━━━━━ DATA SHOWN ━━━━━

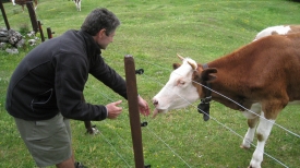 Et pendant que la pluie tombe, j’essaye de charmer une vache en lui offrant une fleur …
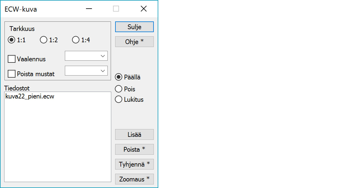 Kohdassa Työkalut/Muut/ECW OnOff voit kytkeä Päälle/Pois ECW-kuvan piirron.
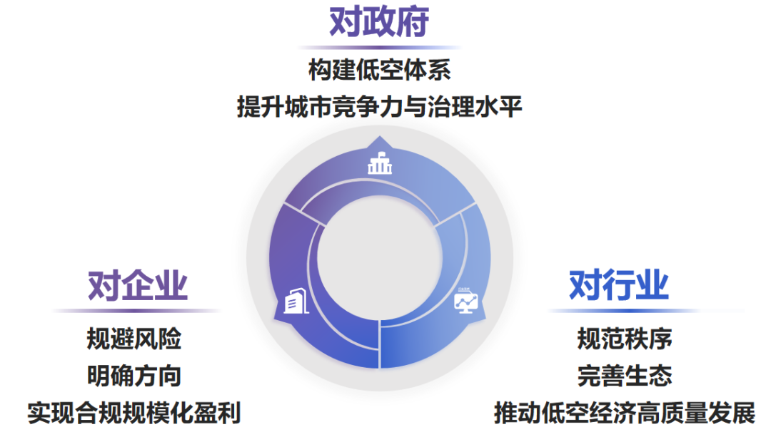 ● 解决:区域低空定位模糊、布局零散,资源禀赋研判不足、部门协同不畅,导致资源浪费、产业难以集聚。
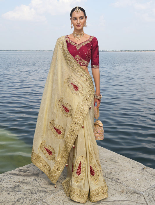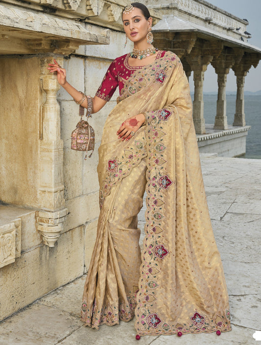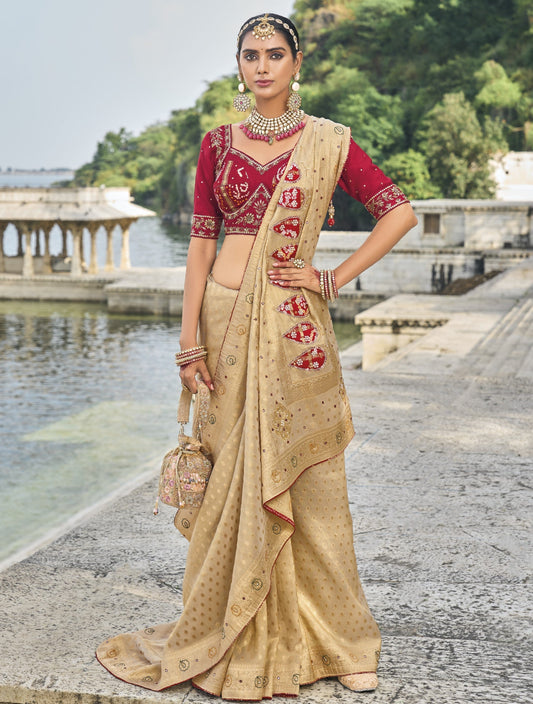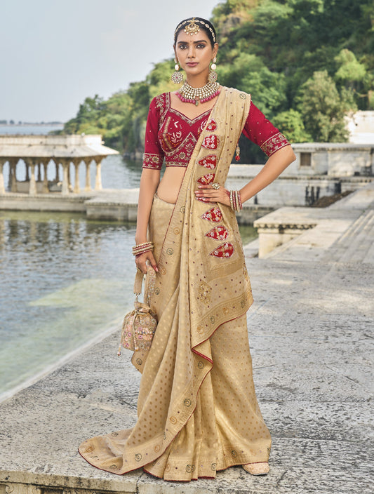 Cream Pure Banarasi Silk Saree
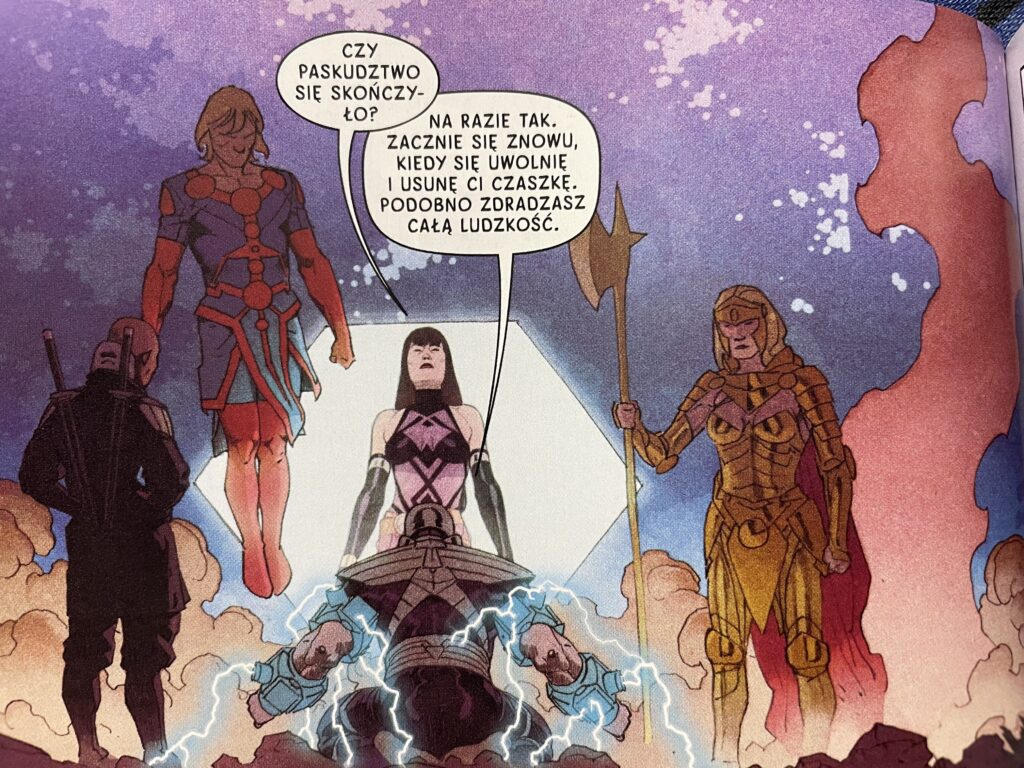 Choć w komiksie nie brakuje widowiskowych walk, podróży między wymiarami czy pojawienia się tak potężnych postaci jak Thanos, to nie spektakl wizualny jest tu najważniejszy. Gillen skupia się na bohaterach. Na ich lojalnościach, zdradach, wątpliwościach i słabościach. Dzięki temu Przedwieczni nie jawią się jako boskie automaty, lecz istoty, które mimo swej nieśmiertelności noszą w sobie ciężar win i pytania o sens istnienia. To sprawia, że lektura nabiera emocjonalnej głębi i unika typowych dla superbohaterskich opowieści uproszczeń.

━━━━━

Could you reproduce the data above exactly, without its pictures?

WRITTEN SOLUTION
 Et pendant que la pluie tombe, j’essaye de charmer une vache en lui offrant une fleur …
 Kohdassa Työkalut/Muut/ECW OnOff voit kytkeä Päälle/Pois ECW-kuvan piirron.
 ● 解决:区域低空定位模糊、布局零散,资源禀赋研判不足、部门协同不畅,导致资源浪费、产业难以集聚。
 Cream Pure Banarasi Silk Saree
 Choć w komiksie nie brakuje widowiskowych walk, podróży między wymiarami czy pojawienia się tak potężnych postaci jak Thanos, to nie spektakl wizualny jest tu najważniejszy. Gillen skupia się na bohaterach. Na ich lojalnościach, zdradach, wątpliwościach i słabościach. Dzięki temu Przedwieczni nie jawią się jako boskie automaty, lecz istoty, które mimo swej nieśmiertelności noszą w sobie ciężar win i pytania o sens istnienia. To sprawia, że lektura nabiera emocjonalnej głębi i unika typowych dla superbohaterskich opowieści uproszczeń.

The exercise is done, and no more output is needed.